WHAT YOU SHOULD DO » When you transcribe the data below, reproduce every line exactly and leave each picture out.

INPUT DATA »
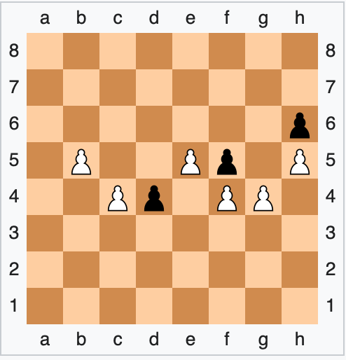 Pawns on b5, c4, and e5 are passed pawns. Black’s pawn on d4 is passed.
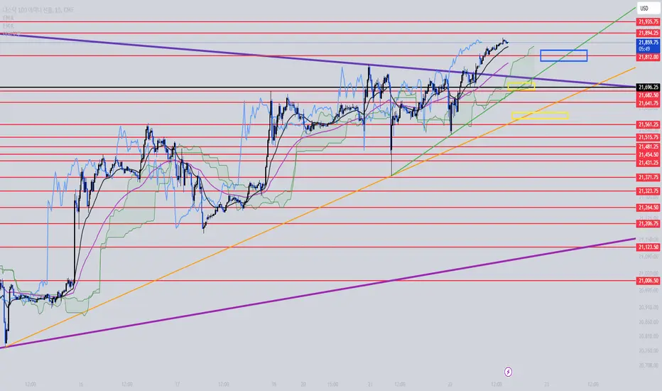 매도 관점: 21696.25 하방 이탈 또는 주황 상승 추세선 이탈이 확인될 경우 매도 진입을 고려할 수 있습니다.
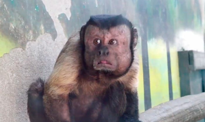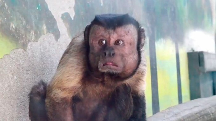 Dalam psotingan videonya, terdapat foto yang terfokus pada wajahnya tufted capuchin yang mirip dengan manusia.
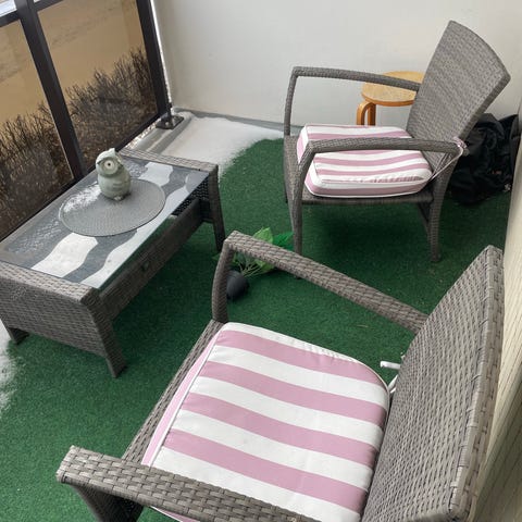 Asko classic garden parvekekaluste setti. Säilytetty ainoastaan lasitetulla parvekkeella.

ANSWER BELOW »
 Pawns on b5, c4, and e5 are passed pawns. Black’s pawn on d4 is passed.
 매도 관점: 21696.25 하방 이탈 또는 주황 상승 추세선 이탈이 확인될 경우 매도 진입을 고려할 수 있습니다.
 Dalam psotingan videonya, terdapat foto yang terfokus pada wajahnya tufted capuchin yang mirip dengan manusia.
 Asko classic garden parvekekaluste setti. Säilytetty ainoastaan lasitetulla parvekkeella.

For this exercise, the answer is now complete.